### [WHAT THE TASK REQUIRES]
Copy each line below exactly and leave the pictures out.

--- DATASET EXTRACT ---

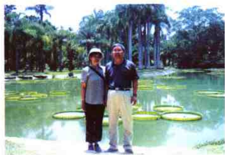
与夫人在西双版纳热带植物园
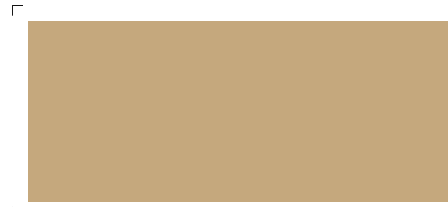
9816 | sesam . sesame
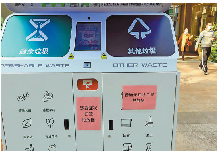
小区(三好名苑)内“智能环保屋”张贴出废弃口罩投放指引。
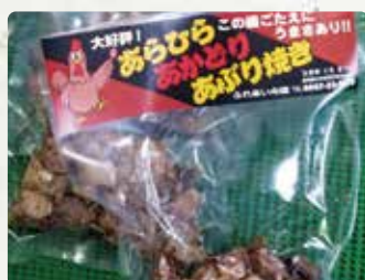
【小玉さんちの卵】 卵/400円 いなほ焼/370円

---

### [TASK RESPONSE]
与夫人在西双版纳热带植物园
9816 | sesam . sesame
小区(三好名苑)内“智能环保屋”张贴出废弃口罩投放指引。
【小玉さんちの卵】 卵/400円 いなほ焼/370円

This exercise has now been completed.